Readers of TRON Web are well acquainted with character codes and character sets. (Those who aren't should read this introduction and this follow-up piece.) They know that the character code system for the BTRON-specification operating system, TRON Code, handles character codes as two-byte values on a series of two-byte planes that are endlessly extensible. They know that U.S. computer industry is developing the Unicode character code system that consists of two planes: a Basic Multilingual Plane that has two-byte codes for the most frequently used characters, and a "surrogate pairs plane" that has room for an additional 1 million characters based on a four-byte coding scheme. The TRON Project policy is not to select permissible characters or draw up character sets, but rather include all characters and character sets. The Unicode Consortium's policy is to unify the most commonly used Chinese characters in China, Japan, and Korea, so called "Han unification," which means it is very much into selecting permissible characters and creating character sets.
In addition, TRON Web readers are also aware that three projects to create unabridged kanji (Chinese character) character sets were launched in Japan--the eKanji, Konjaku Mojikyo, and GT Font projects. They know that the GT Font, which includes every known kanji ever used for Japanese, is included in the BTRON3-specification Cho Kanji operating system, and that this operating system comes equipped with 176,175 characters, the largest character set available today for a personal computer. They also know that due to interference from the U.S. government, the BTRON-specification operating system with its robust character processing system never became a widely used standard. However, one thing they probably don't know is that Unicode did not become a de facto standard. There is widespread resistance to Unicode even outside the TRON Project for a variety of reasons, and that begs the question: what are Japanese computer users doing today to process infrequently used kanji if they are not using Personal Media Corp.'s Cho Kanji?
The answer is that users are filling in the user defined character areas of their current operating systems with kanji acquired from various sources. Hitachi, Ltd., for example, has an on-line electronic character dictionary called Gomanetsu, literally '50,000 joys', which provides a high quality font that consists of 71,303 characters. Gomanetsu, which can only be used for a fee inside Japan, is mainly used by public organizations, such ward offices, city halls, and prefectural and national government organs. In addition, Fujitsu Ltd. offers the JEF Extended Variant Conversion Table, and NEC Corporation offers the JIPS Extended Character Set. Needless to say, there are other extended character set offerings from other computer makers, and then there are the user defined characters and fonts that publishing houses have created for in-house use. The big problem comes when these user defined characters, which are called gaiji in Japanese, have to be transferred from one system to another. There is a total lack of compatibility among the gaiji currently in use.
It was to address this problem of the lack of compatibility of user defined characters among various computer systems that Prof.
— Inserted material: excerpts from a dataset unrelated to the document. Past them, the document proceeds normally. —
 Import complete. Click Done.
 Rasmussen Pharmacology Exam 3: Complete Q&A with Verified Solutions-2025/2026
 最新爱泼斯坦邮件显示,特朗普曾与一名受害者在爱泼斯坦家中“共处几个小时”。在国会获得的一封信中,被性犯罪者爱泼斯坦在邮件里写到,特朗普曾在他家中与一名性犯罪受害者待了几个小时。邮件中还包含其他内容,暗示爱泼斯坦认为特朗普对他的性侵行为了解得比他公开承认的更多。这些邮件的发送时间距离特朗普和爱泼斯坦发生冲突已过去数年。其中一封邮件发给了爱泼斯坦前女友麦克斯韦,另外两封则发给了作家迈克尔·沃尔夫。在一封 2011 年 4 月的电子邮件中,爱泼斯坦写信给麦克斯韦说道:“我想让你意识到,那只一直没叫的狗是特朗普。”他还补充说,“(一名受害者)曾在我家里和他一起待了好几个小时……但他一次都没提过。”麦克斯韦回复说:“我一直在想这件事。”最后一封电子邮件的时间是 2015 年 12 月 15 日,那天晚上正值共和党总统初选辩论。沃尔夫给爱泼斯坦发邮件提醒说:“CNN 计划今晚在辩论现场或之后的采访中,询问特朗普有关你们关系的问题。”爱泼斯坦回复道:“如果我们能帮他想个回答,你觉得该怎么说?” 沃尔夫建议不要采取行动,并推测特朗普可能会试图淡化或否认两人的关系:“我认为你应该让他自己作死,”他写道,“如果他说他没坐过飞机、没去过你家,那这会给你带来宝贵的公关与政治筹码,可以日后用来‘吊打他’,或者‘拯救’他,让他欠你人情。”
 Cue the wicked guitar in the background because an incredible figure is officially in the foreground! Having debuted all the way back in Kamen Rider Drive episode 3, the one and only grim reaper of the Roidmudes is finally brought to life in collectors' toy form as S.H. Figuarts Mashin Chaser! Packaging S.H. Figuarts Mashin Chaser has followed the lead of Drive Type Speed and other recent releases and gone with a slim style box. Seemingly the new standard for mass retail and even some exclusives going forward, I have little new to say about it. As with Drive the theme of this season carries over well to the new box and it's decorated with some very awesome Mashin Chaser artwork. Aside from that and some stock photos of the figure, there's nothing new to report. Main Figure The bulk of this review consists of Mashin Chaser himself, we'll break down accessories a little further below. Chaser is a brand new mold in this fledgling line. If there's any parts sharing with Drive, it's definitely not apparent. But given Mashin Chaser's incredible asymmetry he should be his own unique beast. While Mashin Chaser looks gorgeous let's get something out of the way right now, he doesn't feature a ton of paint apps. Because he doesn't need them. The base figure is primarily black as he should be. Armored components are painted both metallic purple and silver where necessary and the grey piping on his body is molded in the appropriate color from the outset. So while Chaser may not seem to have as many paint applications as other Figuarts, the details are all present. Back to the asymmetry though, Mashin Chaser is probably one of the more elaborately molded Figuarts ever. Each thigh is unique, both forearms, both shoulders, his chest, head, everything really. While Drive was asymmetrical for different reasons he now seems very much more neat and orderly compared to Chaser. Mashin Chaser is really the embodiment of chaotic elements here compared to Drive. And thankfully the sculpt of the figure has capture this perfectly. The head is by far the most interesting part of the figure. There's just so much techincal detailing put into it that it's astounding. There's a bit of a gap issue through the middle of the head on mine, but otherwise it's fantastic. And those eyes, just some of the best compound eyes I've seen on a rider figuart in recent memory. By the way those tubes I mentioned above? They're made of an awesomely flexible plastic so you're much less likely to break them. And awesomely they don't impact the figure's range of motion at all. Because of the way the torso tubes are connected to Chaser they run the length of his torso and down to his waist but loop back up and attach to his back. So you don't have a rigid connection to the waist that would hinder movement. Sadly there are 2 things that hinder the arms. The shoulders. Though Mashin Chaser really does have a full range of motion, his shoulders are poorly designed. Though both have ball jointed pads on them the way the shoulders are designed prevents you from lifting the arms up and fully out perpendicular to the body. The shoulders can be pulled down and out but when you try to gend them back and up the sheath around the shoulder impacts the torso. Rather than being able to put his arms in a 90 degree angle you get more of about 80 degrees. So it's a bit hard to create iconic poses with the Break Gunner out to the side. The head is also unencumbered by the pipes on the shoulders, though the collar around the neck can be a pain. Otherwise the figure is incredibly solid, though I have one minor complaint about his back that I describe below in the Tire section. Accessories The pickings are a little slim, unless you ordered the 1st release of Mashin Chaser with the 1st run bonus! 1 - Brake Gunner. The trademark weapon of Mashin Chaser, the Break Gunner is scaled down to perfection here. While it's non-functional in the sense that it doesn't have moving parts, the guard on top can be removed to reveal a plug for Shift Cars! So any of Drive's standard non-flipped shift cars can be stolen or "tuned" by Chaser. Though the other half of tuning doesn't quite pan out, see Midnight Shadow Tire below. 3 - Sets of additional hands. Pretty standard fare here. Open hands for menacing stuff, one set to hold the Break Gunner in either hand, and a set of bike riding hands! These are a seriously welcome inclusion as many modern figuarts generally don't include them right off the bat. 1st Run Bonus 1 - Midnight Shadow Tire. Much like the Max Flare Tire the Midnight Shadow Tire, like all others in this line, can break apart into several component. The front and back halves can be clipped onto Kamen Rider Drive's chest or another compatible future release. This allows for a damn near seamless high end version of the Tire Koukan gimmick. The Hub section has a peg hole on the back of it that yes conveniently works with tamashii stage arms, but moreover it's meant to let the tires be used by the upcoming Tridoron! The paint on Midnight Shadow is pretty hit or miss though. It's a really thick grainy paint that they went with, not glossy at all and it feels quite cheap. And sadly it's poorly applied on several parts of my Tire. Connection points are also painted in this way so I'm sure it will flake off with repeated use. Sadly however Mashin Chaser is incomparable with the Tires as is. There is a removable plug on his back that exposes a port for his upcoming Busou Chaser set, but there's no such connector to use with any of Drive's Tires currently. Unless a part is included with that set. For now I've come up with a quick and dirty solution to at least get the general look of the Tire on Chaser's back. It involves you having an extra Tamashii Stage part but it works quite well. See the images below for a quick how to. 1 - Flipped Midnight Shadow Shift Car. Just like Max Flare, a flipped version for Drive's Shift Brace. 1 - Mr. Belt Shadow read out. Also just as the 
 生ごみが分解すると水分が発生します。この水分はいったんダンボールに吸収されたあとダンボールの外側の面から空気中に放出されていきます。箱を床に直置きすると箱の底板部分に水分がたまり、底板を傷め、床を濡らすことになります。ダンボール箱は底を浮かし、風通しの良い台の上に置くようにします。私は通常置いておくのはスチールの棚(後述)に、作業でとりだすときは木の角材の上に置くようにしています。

Ken Sakamura announced, and then demonstrated, the TRON Font Traceability System (TFTS) at the "TRON Multi-Character Application Seminar," which was held by the TRON Association at the Meilparque Hotel in the Shibakooen district of Tokyo on March 10. One of the advantages that TRON Code has over other character code systems, such as Unicode, is that it is a "meta code," which means that it can include all known character sets plus even standard user defined character sets in desktop publishing software. Thus it is possible to use TRON Code as a "pivot character code" and create a gaiji conversion program and a gaiji conversion server to allow the gaiji of one maker's system to be easily converted into those of another. Specifically, Prof. Sakamura's solution to the problems created as a result of the use of gaiji, which are used in tables of roughly 1,800 characters per application, is as follows:
|
1. Using TRON Code, assign a unique code to "gaiji."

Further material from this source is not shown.